Moving to continuous delivery

I joined the Digital Engineering team in February as the Principal Service Manager. We’ve had a busy few months designing how we’re going to run the new digital services, the first of which being the Local Causes application website which forms part of our new Co-op Membership.

Picture of Michaela - Principal Service Manager

 

A different way of working

Coming from a background of traditional IT systems with on premise infrastructure, I knew from the moment I walked onto the 13th floor of 1 Angel Square that I’d have to start thinking differently. Every wall, surface and window was covered in sketches, Kanban boards and post its and the floor was buzzing with energy.

Picture of a Kanban board.

As a service team, our job is make sure the systems and services keep running, whether that’s by handling incidents, tackling problems or making sure that changes don’t cause outages or new issues. And that last one has been one of our biggest challenges. In the new digital teams, the pace is much faster than anything we’d been used to. Previously we’d been used to handling one or two big changes a month. The digital teams were aiming to release daily  – we needed a different way of working.

Our Challenge

The systems are quite complex with lots of different moving parts using lots of different technologies.
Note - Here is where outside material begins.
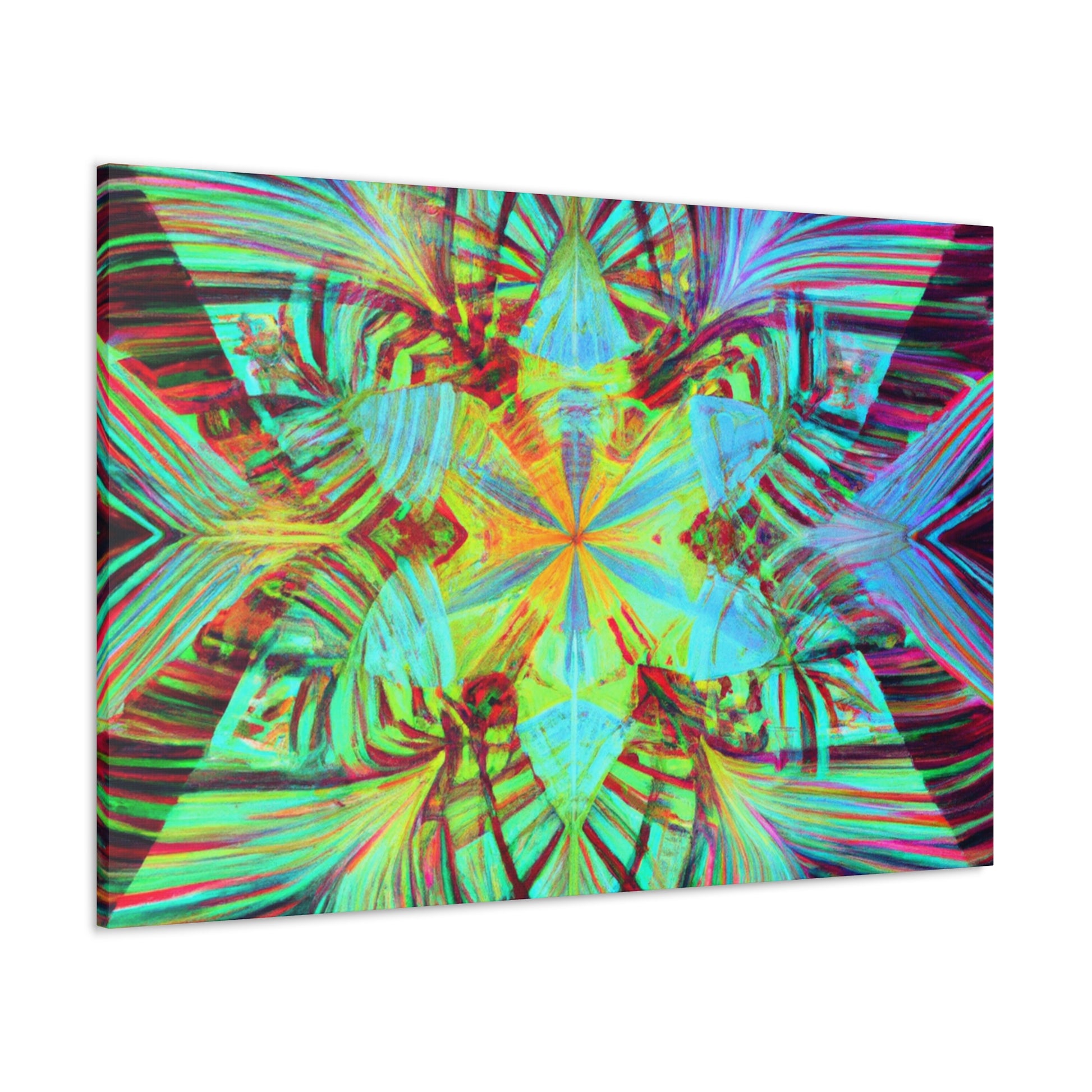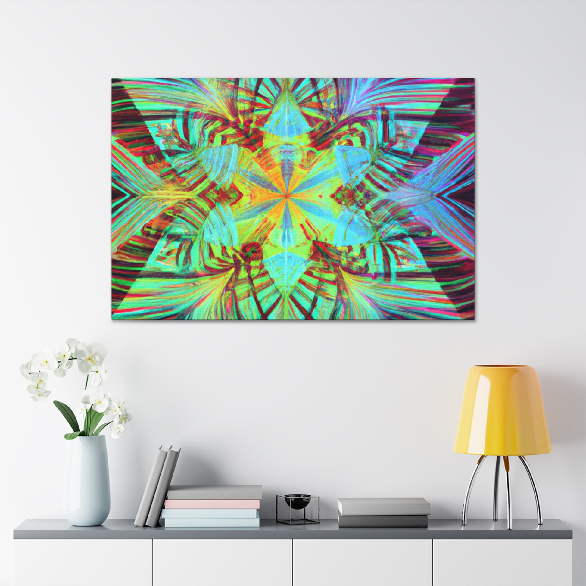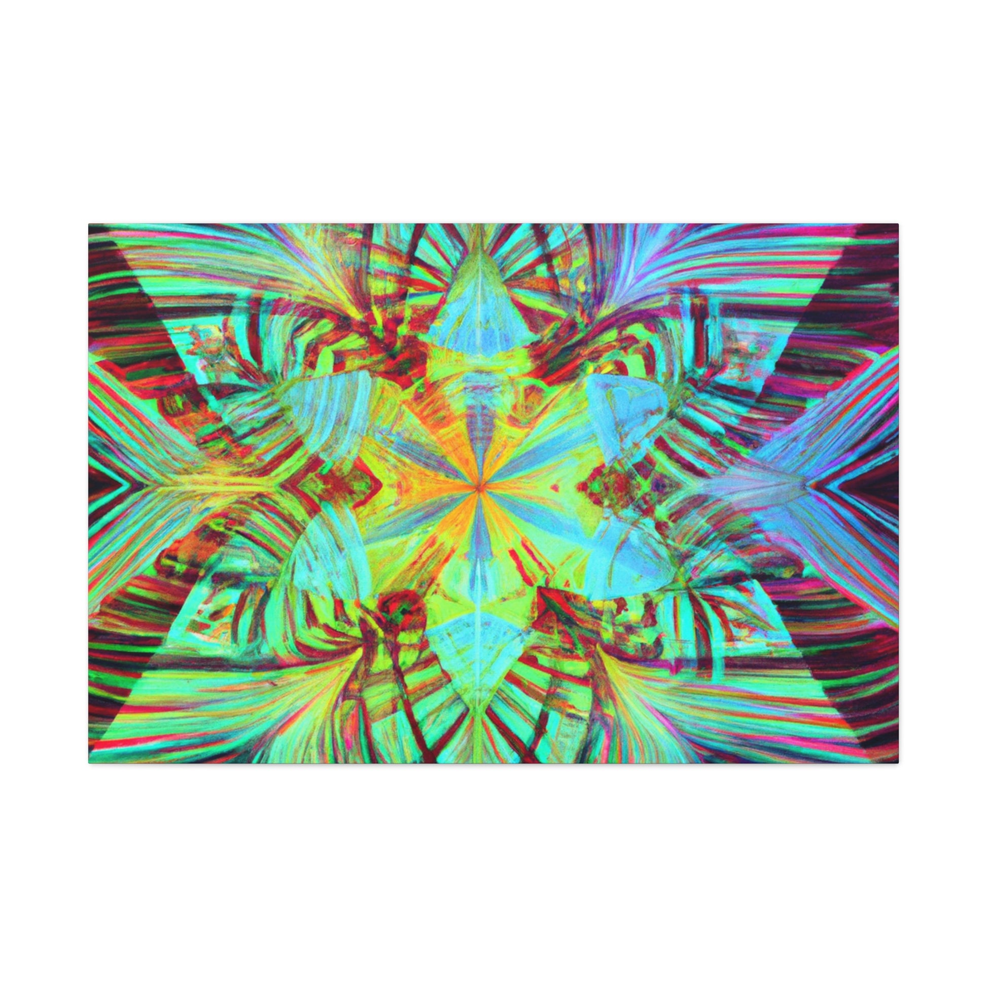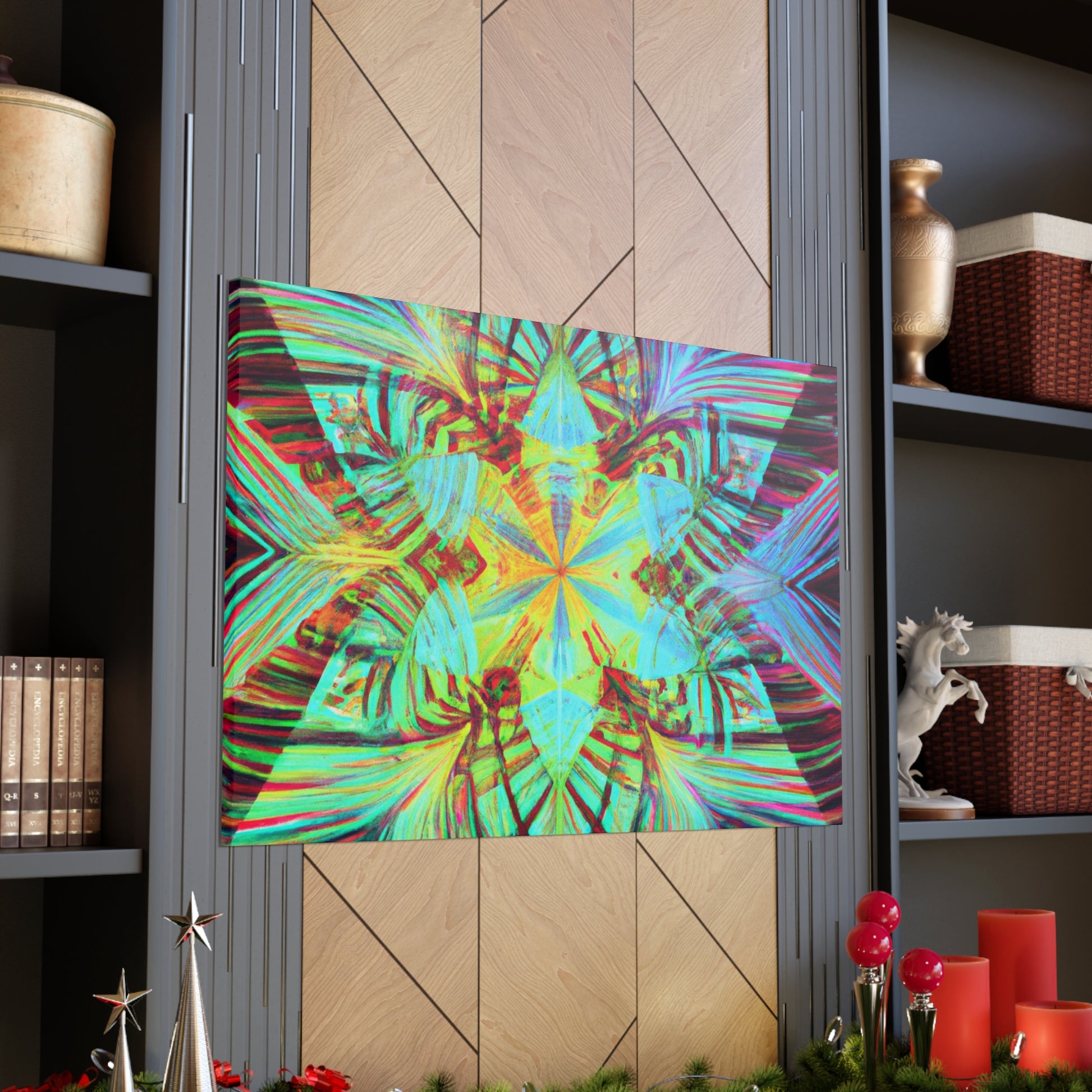 This Trippy Geometric Palm Leaves Canvas will add a dazzling effect to any room. This abstract digital art with vibrant colors and 3D lines will take you into a kaleidoscopic world of mesmerizing fractal shapes. It's the perfect way to bring a unique modern twist to any wall and will have you in a trance looking at the breathtaking scene. #trippyart, #geometricart, #palmleaves, #kaleidoscope, #abstractart, #digitalart, #vibrantcolors, #3Dlines, #fractal, #wallart, #uniqueart

Some front-end components like the website are built using new tools and technologies that build in automated deployment and automated regression testing. Other components down the stack are slower moving – they haven’t been built using these tools and require more manual intervention. We needed to build a change process that didn’t cause a bottle neck to releasing new features but at the same time would give us enough assurance that changes to one component weren’t going to cause issues up and down the stack (and at the same time making sure we’re not drowning in admin that doesn’t add value.)

Whilst we’re still keeping in line with the Co-op’s core change policies, we’ve tweaked the way we work to enable us to handle the higher volumes of change. At the moment whilst there’s a lot going on, we’re having daily Change Approval Board (CAB) meetings to make sure representatives from each of the components are aware of the changes going on across the whole  ecosystem. This way we’re catching any potential conflicts and we’ve seen some great challenges between the teams to make their changes safer by improving their testing or deployment approaches.

We’re trialling different ways to make sure everyone knows what’s going on, from post-its on a whiteboard to venturing into the world of chat ops with a shared calendar integrated into a Slack channel. And as we go, we’re collecting feedback from all of the different teams – What’s not working? How can we make it more efficient? How could we tackle the admin differently?

We hit a great milestone this month – over 13 days we hit an average of one successful deployment a day to the Co-op Local Community Fund. Whilst we’re not quite at full continuous delivery levels yet we’ve learnt a lot in getting this far.

Michaela Kurkiewicz
Principal Service Manager